Battling Through Injuries – Roy Smith
The first two weeks of the season unfortunately brought about a rash of injuries which has severely tested our depth as an organization. I am always asked by people how the people in the front office feel when injuries occur, especially to established star players such as Eric Gagne and Nomar Garciaparra. Naturally, you get disappointed and feel a sense of frustration. However, one thing that this game teaches you is to expect the unexpected. The feeling of frustration really doesn’t last that long because you know that there is a game to play the following day.
Immediately your mind shifts to what are the team’s options, who is doing well in Triple-A, and what players are available on other teams that can be traded for. When Kim Ng and I recruit six-year minor league free agents in the off-season, often it is with a worst case scenario in mind. We ask ourselves constantly what our options are if certain players go down with injuries. Which of our young prospects do we think will be ready early in the season? If we feel we are not covered in a certain area, we try and sign players to cover that hole. The replacement players can’t be expected to be as good as a star player, but you hope that it is a talented young player or a veteran who has previous big league experience.

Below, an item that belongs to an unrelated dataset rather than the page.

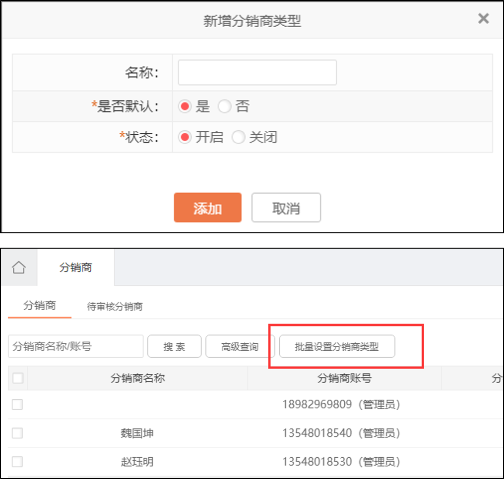 可為分銷商設(shè)置不同類型,并指定該類型的分銷規(guī)則,并支持批量設(shè)置分銷商類型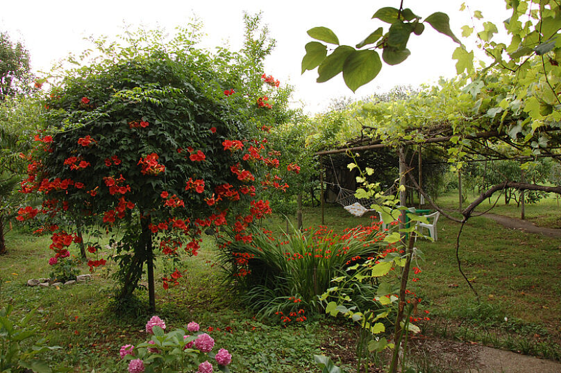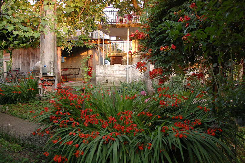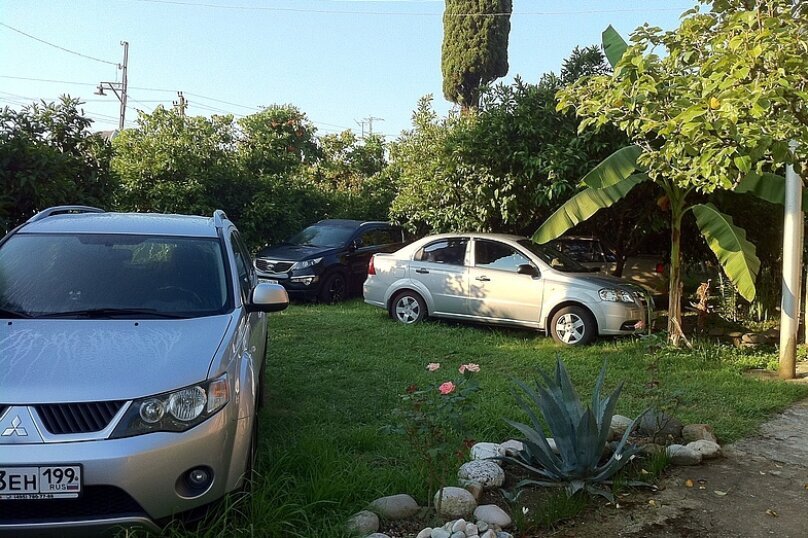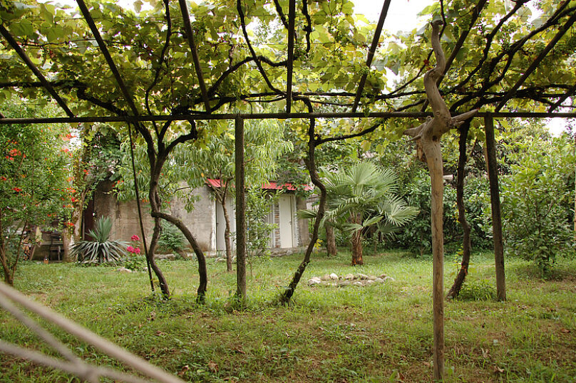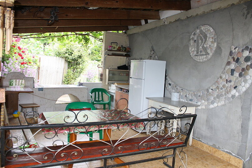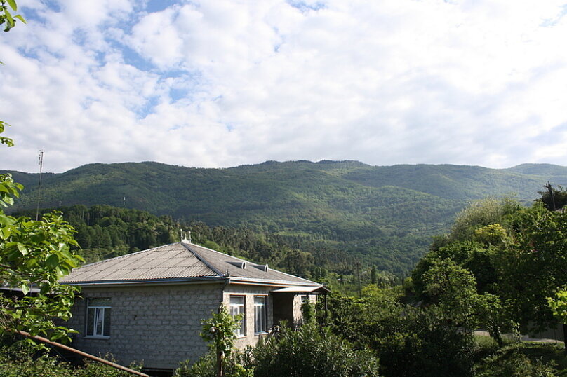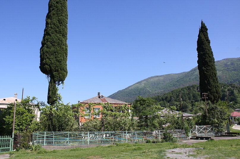 Сдается комната на втором этаже двухэтажного кирпичного дома. Есть две кухни: с холодильником с выходом на балкон на втором этаже, большая летняя кухня на первом. Все удобства, холодная, горячая вода круглосуточно, кондиционеры, спутниковое телевидение, Wi-Fi. Колодезная питьевая вода, мангал, два велосипеда. Парковка на территории участка. Огромный виноградник-шалаш, гамаки (вино, чача). Своя пасека. Рядом открылось новое кафе.

Already we have brought up one of our off-season acquisitions, Takashi Saito, who was purchased from Las Vegas when Yhency Brazoban went down. In Nomar’s case we brought one of our young players who we signed originally in James Loney. Injuries are an accepted part of the game and must be factored in during off-season planning. While you may leave Spring Training with 25 players, in your mind the roster hopefully extends to the low to mid thirties if you include players in the minor leagues whom you feel can help at the big league level, at least in an emergency situation.